═══ RECORDED INFORMATION

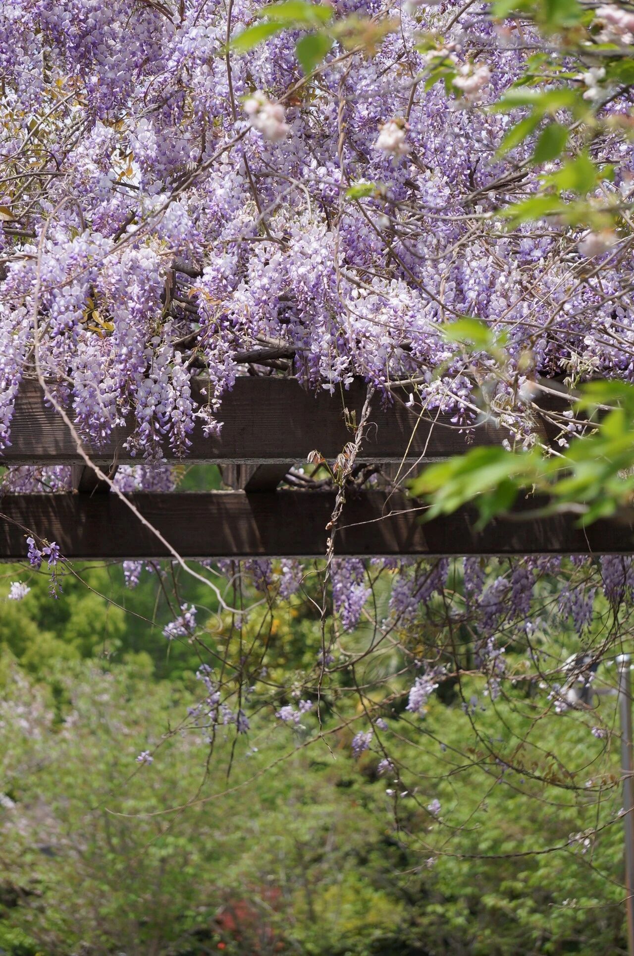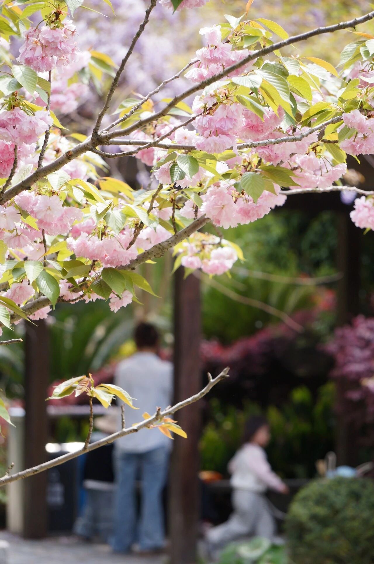 樱花、木绣球、紫藤、湖面、走道与长椅
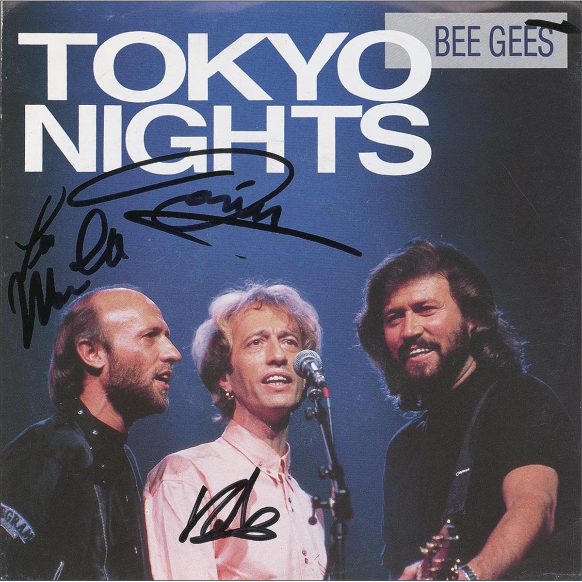 45 rpm record sleeve for Tokyo Nights, signed in black felt tip by all three (first name only). In fine condition. The record is included.
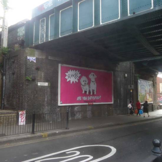 The notion of hanging a painting on a wall for someone to just take should they wish seems to be upsetting one or two people (one or two so called street artists actually). Today’s rather irate e.mail talks of food being taken out of the mouths of those trying to make a living out of their art and that no one should be giving away art (what is is it with so called “Street” artists). Some kind of brokenass froth and babble about people like him trying to build careers and people like me damaging that career, Seems he’s a serious artist and apparently serious artists should be in galleries and not hanging work for free on street walls. I had almost the same conversation last week, last week the artist at least had the balls to confront me face to face while he shook his cans of paint in my direction and lectured me about paying his rent and the price of fish. Now anyone who knows me knows well I’m not some beard-growing East London trust-fund rich kid, far from it, and really if you feel threatened enough to need to make threats then really you need to have a look at what and why you do what you do (the threat was something along the line of finding, removing and destroying every piece I hang). When did it all become so infested with rules, when did so called street art become such a business? Who sets these rules? What is street art anyway? I never claimed to be a street artist (although I probably have more of a street art history than you). Who gets to say who can hang what where? I love art galleries (well some of them) but why should art always be in a gallery? Art is this city is becoming more and more conservative and rule-infested by the day, I’ll paint what I want when I want, I’ll hang it where i want, I’ll charge what I want to, I’ll give it away if I want to, your “rules” play no part in the making and presenting of art (besides the rule that artists should be treated correctly by those involved in the business of art) and the careful “dropping” of art and the engaging with people who play in orchestras or run around in Arsenal shirts or who are over here visiting from Oakland or driving their car past the ruins of the George Robey over in Finsbury Park – “So happy nobody has taken this piece yet, I get to look at it every night on the way to work” said John (via social media) about the piece hung outside the Robey last week.
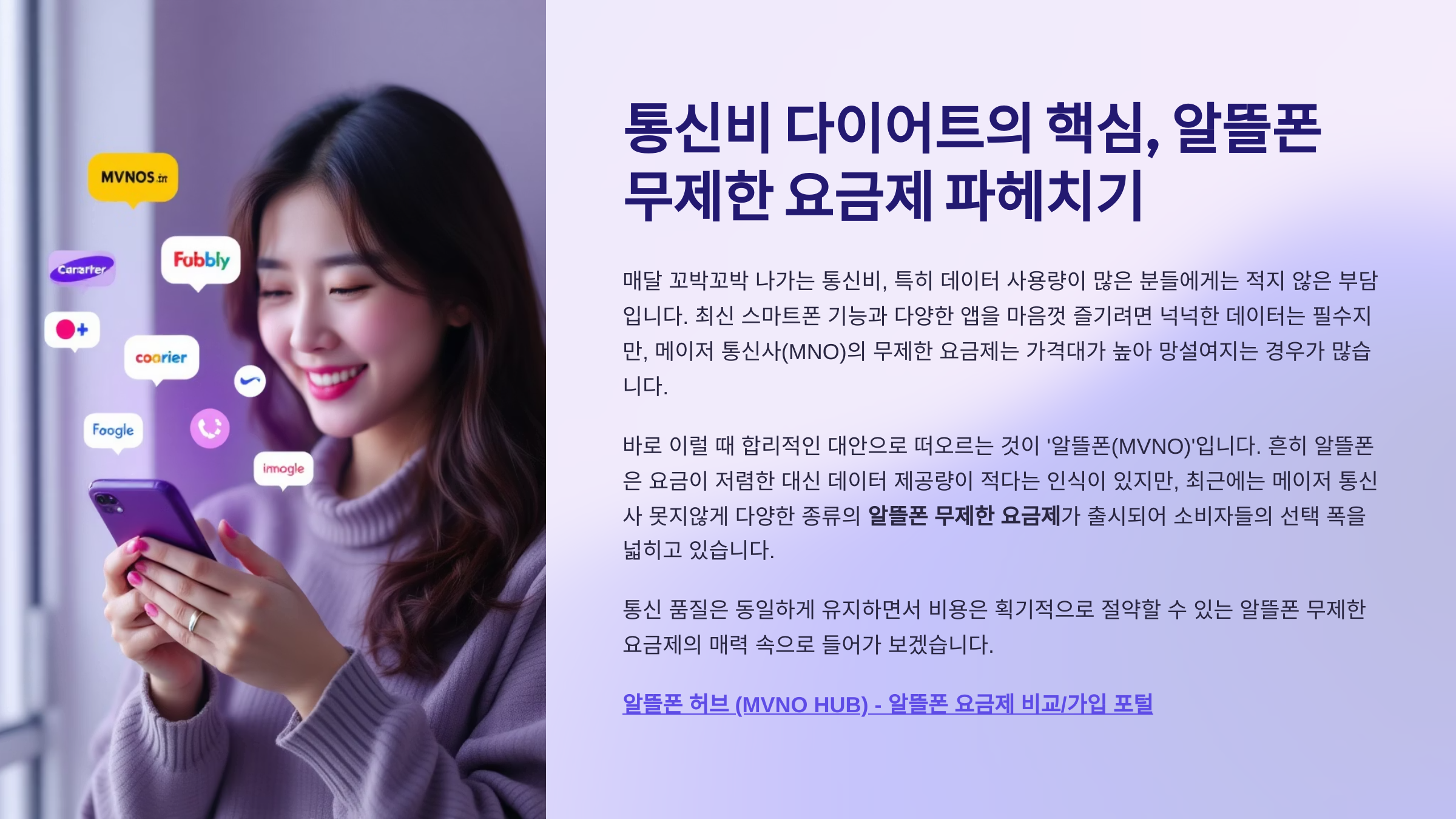 매달 꼬박꼬박 나가는 통신비, 특히 데이터 사용량이 많은 분들에게는 적지 않은 부담입니다. 최신 스마트폰 기능과 다양한 앱을 마음껏 즐기려면 넉넉한 데이터는 필수지만, 메이저 통신사(MNO)의 무제한 요금제는 가격대가 높아 망설여지는 경우가 많습니다. 바로 이럴 때 합리적인 대안으로 떠오르는 것이 '알뜰폰(MVNO)'입니다. 흔히 알뜰폰은 요금이 저렴한 대신 데이터 제공량이 적다는 인식이 있지만, 최근에는 메이저 통신사 못지않게 다양한 종류의 알뜰폰 무제한 요금제가 출시되어 소비자들의 선택 폭을 넓히고 있습니다. 통신 품질은 동일하게 유지하면서 비용은 획기적으로 절약할 수 있는 알뜰폰 무제한 요금제의 매력 속으로 들어가 보겠습니다.

══════

▸ **TASK OBJECTIVE**: An exact copy of the listing above is to be set down, with no pictures in it.

▸ **ANSWER AREA**:
 樱花、木绣球、紫藤、湖面、走道与长椅
 45 rpm record sleeve for Tokyo Nights, signed in black felt tip by all three (first name only). In fine condition. The record is included.
 The notion of hanging a painting on a wall for someone to just take should they wish seems to be upsetting one or two people (one or two so called street artists actually). Today’s rather irate e.mail talks of food being taken out of the mouths of those trying to make a living out of their art and that no one should be giving away art (what is is it with so called “Street” artists). Some kind of brokenass froth and babble about people like him trying to build careers and people like me damaging that career, Seems he’s a serious artist and apparently serious artists should be in galleries and not hanging work for free on street walls. I had almost the same conversation last week, last week the artist at least had the balls to confront me face to face while he shook his cans of paint in my direction and lectured me about paying his rent and the price of fish. Now anyone who knows me knows well I’m not some beard-growing East London trust-fund rich kid, far from it, and really if you feel threatened enough to need to make threats then really you need to have a look at what and why you do what you do (the threat was something along the line of finding, removing and destroying every piece I hang). When did it all become so infested with rules, when did so called street art become such a business? Who sets these rules? What is street art anyway? I never claimed to be a street artist (although I probably have more of a street art history than you). Who gets to say who can hang what where? I love art galleries (well some of them) but why should art always be in a gallery? Art is this city is becoming more and more conservative and rule-infested by the day, I’ll paint what I want when I want, I’ll hang it where i want, I’ll charge what I want to, I’ll give it away if I want to, your “rules” play no part in the making and presenting of art (besides the rule that artists should be treated correctly by those involved in the business of art) and the careful “dropping” of art and the engaging with people who play in orchestras or run around in Arsenal shirts or who are over here visiting from Oakland or driving their car past the ruins of the George Robey over in Finsbury Park – “So happy nobody has taken this piece yet, I get to look at it every night on the way to work” said John (via social media) about the piece hung outside the Robey last week.
 매달 꼬박꼬박 나가는 통신비, 특히 데이터 사용량이 많은 분들에게는 적지 않은 부담입니다. 최신 스마트폰 기능과 다양한 앱을 마음껏 즐기려면 넉넉한 데이터는 필수지만, 메이저 통신사(MNO)의 무제한 요금제는 가격대가 높아 망설여지는 경우가 많습니다. 바로 이럴 때 합리적인 대안으로 떠오르는 것이 '알뜰폰(MVNO)'입니다. 흔히 알뜰폰은 요금이 저렴한 대신 데이터 제공량이 적다는 인식이 있지만, 최근에는 메이저 통신사 못지않게 다양한 종류의 알뜰폰 무제한 요금제가 출시되어 소비자들의 선택 폭을 넓히고 있습니다. 통신 품질은 동일하게 유지하면서 비용은 획기적으로 절약할 수 있는 알뜰폰 무제한 요금제의 매력 속으로 들어가 보겠습니다.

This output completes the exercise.